Guelph Royals
- Pitcher
- Born: August 24, 1985 (age 40) Toronto, Ontario, Canada
- Bats: RightThrows: Right

= Marek Deska =

Marek Leszek Deska (born August 24, 1985) is a Polish-Canadian professional baseball pitcher for the Guelph Royals of the Canadian Baseball League.

In 2006, as a rookie in the Intercounty Baseball League, Deska acted as a reliever for the Toronto Maple Leafs and posted a 1–2 record with a 3.12 earned run average (ERA) while tallying 19 strikeouts in 17.1 innings of work.

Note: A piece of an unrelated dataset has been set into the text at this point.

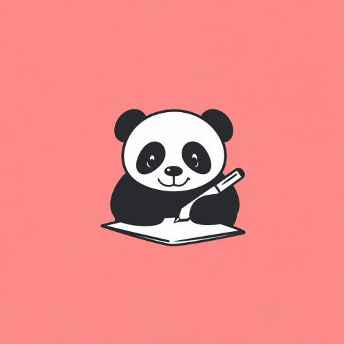 Logo in a minimalist style, featuring a shape with a happy cute panda holding an ink fountain pen. The background is a solid color. The design is created using vector graphics, with simple shapes and lines, no shadows or gradients, and a combination of black and gray colors, resulting in a modern and professional-looking design. --v 6.1

In 2007, Deska played in the Dutch Major League (Honkbal Hoofdklasse) for Mediamonks RCH who made their first appearance in the top Dutch league in 6 years. Upon his first start, which was against Instant Holland Almere '90 on May 20, 2007, Deska became the first player in history to play in the highest Dutch league with a Polish passport.. Deska ended the season with a 3.70 ERA and boasted a 3–6 record. He finished in the top 10 in the league in pitching categories such as innings pitched, complete games and quality starts with 7 while finishing 12th in the league in total strikeouts. He fell to 2–8, 4.85 in 2008.

Deska has also pitched for the Polish national baseball team. In the 2008 European Championship Qualifiers, Deska allowed two runs and fanned 12 in 9 innings of work for Poland, leading the Prague qualifiers in K's; Poland failed to advance to the 2009 European Championship with a 2–2 record.